╭─ GIVEN RECORDS

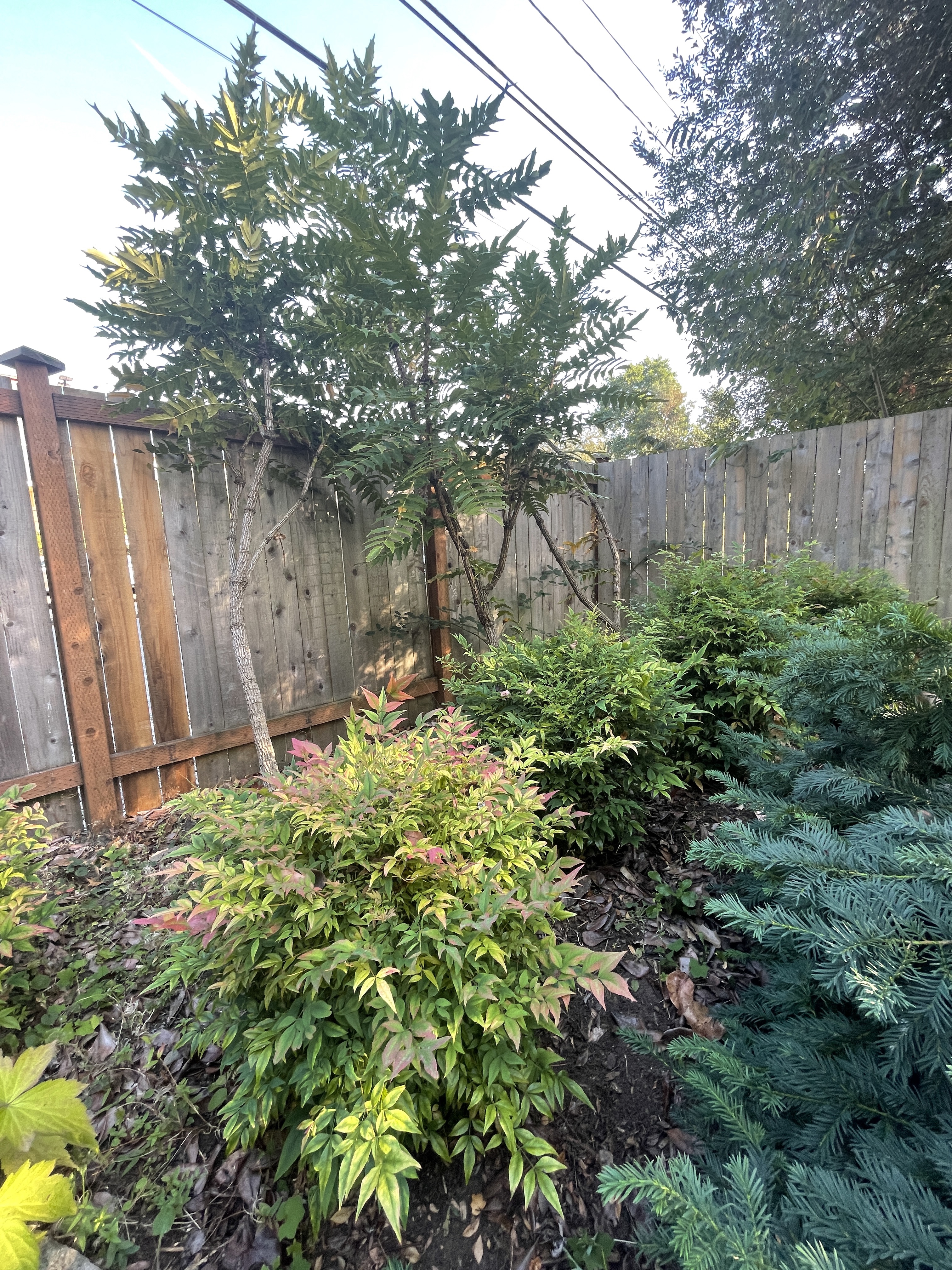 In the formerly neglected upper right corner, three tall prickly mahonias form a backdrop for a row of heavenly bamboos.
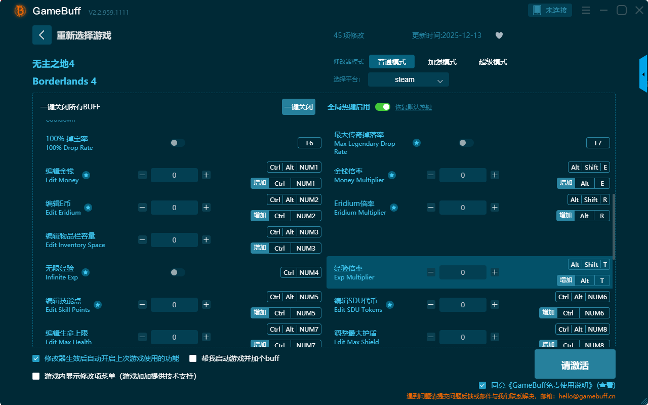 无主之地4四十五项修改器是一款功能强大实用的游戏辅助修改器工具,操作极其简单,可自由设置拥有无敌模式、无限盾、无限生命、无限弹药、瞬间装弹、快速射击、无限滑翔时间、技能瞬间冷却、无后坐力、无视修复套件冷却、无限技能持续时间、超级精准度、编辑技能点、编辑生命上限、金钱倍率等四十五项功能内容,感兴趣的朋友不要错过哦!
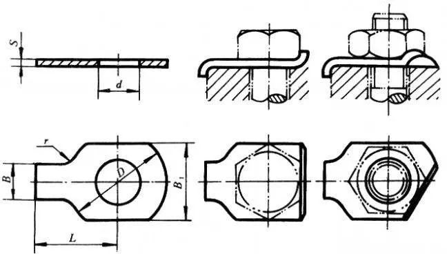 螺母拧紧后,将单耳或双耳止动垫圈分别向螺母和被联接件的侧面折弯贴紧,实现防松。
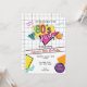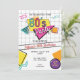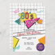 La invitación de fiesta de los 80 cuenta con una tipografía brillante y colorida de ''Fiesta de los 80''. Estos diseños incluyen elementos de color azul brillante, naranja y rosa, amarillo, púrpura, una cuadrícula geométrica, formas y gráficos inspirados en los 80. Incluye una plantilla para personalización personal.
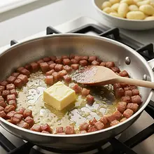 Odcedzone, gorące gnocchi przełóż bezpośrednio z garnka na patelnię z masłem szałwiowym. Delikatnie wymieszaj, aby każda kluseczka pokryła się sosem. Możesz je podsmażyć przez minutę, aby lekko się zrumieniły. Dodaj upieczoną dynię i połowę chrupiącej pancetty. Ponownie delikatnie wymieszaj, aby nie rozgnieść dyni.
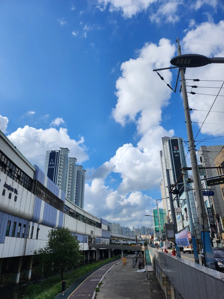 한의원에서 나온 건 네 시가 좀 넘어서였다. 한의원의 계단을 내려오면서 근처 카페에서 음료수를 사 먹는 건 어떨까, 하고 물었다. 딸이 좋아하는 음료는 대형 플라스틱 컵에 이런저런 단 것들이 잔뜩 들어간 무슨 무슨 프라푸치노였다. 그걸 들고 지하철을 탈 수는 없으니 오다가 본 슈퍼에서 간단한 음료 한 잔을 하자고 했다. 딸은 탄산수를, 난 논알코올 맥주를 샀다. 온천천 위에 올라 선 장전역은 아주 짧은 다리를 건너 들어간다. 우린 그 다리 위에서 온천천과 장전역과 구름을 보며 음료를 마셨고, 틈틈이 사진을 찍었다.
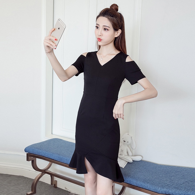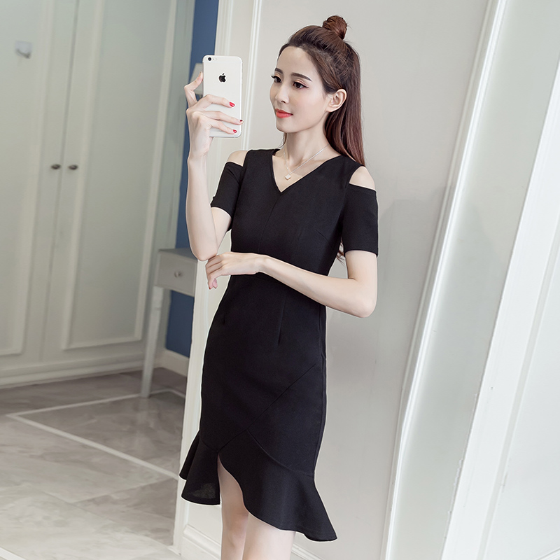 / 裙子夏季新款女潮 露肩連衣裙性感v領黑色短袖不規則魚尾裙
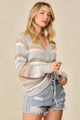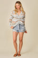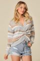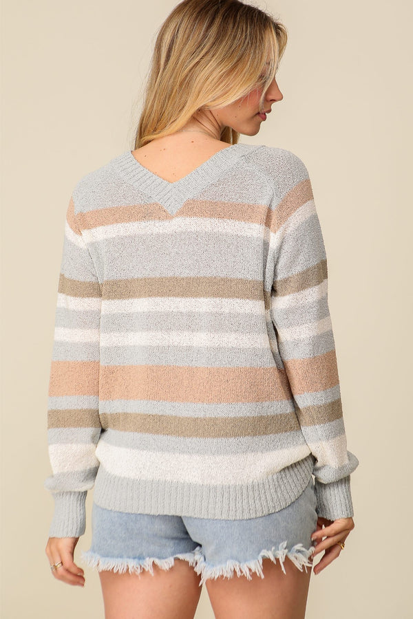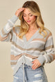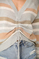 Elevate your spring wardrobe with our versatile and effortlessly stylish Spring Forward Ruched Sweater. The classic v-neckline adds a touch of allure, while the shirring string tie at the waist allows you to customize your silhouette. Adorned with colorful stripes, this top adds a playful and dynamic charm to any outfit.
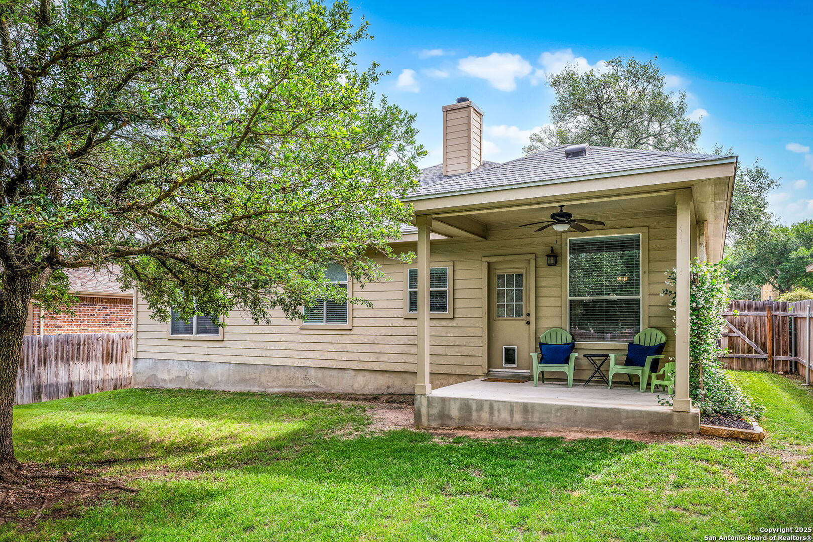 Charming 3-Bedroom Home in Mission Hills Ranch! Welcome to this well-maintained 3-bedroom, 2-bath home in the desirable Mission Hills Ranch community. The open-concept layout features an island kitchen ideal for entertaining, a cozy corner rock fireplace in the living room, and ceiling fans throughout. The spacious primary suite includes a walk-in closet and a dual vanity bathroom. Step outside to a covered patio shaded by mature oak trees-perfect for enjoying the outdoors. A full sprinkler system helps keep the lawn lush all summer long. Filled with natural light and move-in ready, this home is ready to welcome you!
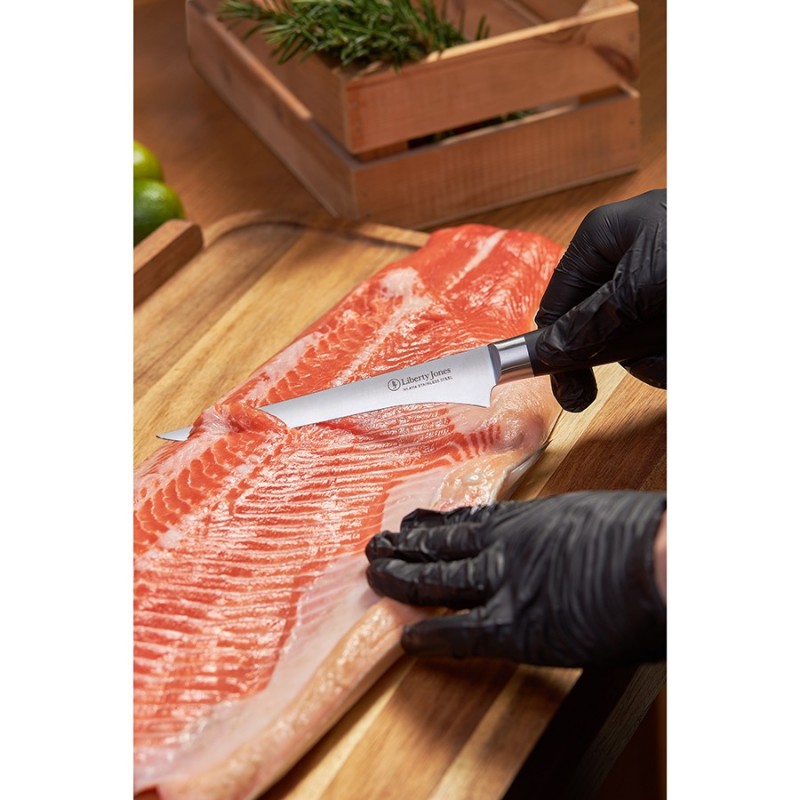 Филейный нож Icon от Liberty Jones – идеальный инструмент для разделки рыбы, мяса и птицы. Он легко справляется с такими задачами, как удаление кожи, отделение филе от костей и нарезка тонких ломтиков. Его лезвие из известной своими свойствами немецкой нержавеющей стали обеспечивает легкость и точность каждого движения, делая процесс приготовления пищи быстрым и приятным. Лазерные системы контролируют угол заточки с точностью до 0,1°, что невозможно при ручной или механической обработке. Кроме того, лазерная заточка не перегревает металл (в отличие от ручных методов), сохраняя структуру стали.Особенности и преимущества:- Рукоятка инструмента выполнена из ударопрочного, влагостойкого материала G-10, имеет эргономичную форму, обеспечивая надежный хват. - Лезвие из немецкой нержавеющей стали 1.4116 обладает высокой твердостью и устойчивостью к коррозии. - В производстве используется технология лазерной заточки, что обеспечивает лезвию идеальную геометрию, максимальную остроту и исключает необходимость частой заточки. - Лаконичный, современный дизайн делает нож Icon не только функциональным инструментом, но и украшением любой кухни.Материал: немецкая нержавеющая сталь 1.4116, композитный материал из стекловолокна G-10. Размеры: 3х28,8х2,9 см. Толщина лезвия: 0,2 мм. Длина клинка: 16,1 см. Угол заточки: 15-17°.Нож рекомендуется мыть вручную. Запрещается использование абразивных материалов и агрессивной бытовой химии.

╰─

Transcribe each entry above without alteration, but keep the pictures out.

ANSWER:
 In the formerly neglected upper right corner, three tall prickly mahonias form a backdrop for a row of heavenly bamboos.
 无主之地4四十五项修改器是一款功能强大实用的游戏辅助修改器工具,操作极其简单,可自由设置拥有无敌模式、无限盾、无限生命、无限弹药、瞬间装弹、快速射击、无限滑翔时间、技能瞬间冷却、无后坐力、无视修复套件冷却、无限技能持续时间、超级精准度、编辑技能点、编辑生命上限、金钱倍率等四十五项功能内容,感兴趣的朋友不要错过哦!
 螺母拧紧后,将单耳或双耳止动垫圈分别向螺母和被联接件的侧面折弯贴紧,实现防松。
 La invitación de fiesta de los 80 cuenta con una tipografía brillante y colorida de ''Fiesta de los 80''. Estos diseños incluyen elementos de color azul brillante, naranja y rosa, amarillo, púrpura, una cuadrícula geométrica, formas y gráficos inspirados en los 80. Incluye una plantilla para personalización personal.
 Odcedzone, gorące gnocchi przełóż bezpośrednio z garnka na patelnię z masłem szałwiowym. Delikatnie wymieszaj, aby każda kluseczka pokryła się sosem. Możesz je podsmażyć przez minutę, aby lekko się zrumieniły. Dodaj upieczoną dynię i połowę chrupiącej pancetty. Ponownie delikatnie wymieszaj, aby nie rozgnieść dyni.
 한의원에서 나온 건 네 시가 좀 넘어서였다. 한의원의 계단을 내려오면서 근처 카페에서 음료수를 사 먹는 건 어떨까, 하고 물었다. 딸이 좋아하는 음료는 대형 플라스틱 컵에 이런저런 단 것들이 잔뜩 들어간 무슨 무슨 프라푸치노였다. 그걸 들고 지하철을 탈 수는 없으니 오다가 본 슈퍼에서 간단한 음료 한 잔을 하자고 했다. 딸은 탄산수를, 난 논알코올 맥주를 샀다. 온천천 위에 올라 선 장전역은 아주 짧은 다리를 건너 들어간다. 우린 그 다리 위에서 온천천과 장전역과 구름을 보며 음료를 마셨고, 틈틈이 사진을 찍었다.
 / 裙子夏季新款女潮 露肩連衣裙性感v領黑色短袖不規則魚尾裙
 Elevate your spring wardrobe with our versatile and effortlessly stylish Spring Forward Ruched Sweater. The classic v-neckline adds a touch of allure, while the shirring string tie at the waist allows you to customize your silhouette. Adorned with colorful stripes, this top adds a playful and dynamic charm to any outfit.
 Charming 3-Bedroom Home in Mission Hills Ranch! Welcome to this well-maintained 3-bedroom, 2-bath home in the desirable Mission Hills Ranch community. The open-concept layout features an island kitchen ideal for entertaining, a cozy corner rock fireplace in the living room, and ceiling fans throughout. The spacious primary suite includes a walk-in closet and a dual vanity bathroom. Step outside to a covered patio shaded by mature oak trees-perfect for enjoying the outdoors. A full sprinkler system helps keep the lawn lush all summer long. Filled with natural light and move-in ready, this home is ready to welcome you!
 Филейный нож Icon от Liberty Jones – идеальный инструмент для разделки рыбы, мяса и птицы. Он легко справляется с такими задачами, как удаление кожи, отделение филе от костей и нарезка тонких ломтиков. Его лезвие из известной своими свойствами немецкой нержавеющей стали обеспечивает легкость и точность каждого движения, делая процесс приготовления пищи быстрым и приятным. Лазерные системы контролируют угол заточки с точностью до 0,1°, что невозможно при ручной или механической обработке. Кроме того, лазерная заточка не перегревает металл (в отличие от ручных методов), сохраняя структуру стали.Особенности и преимущества:- Рукоятка инструмента выполнена из ударопрочного, влагостойкого материала G-10, имеет эргономичную форму, обеспечивая надежный хват. - Лезвие из немецкой нержавеющей стали 1.4116 обладает высокой твердостью и устойчивостью к коррозии. - В производстве используется технология лазерной заточки, что обеспечивает лезвию идеальную геометрию, максимальную остроту и исключает необходимость частой заточки. - Лаконичный, современный дизайн делает нож Icon не только функциональным инструментом, но и украшением любой кухни.Материал: немецкая нержавеющая сталь 1.4116, композитный материал из стекловолокна G-10. Размеры: 3х28,8х2,9 см. Толщина лезвия: 0,2 мм. Длина клинка: 16,1 см. Угол заточки: 15-17°.Нож рекомендуется мыть вручную. Запрещается использование абразивных материалов и агрессивной бытовой химии.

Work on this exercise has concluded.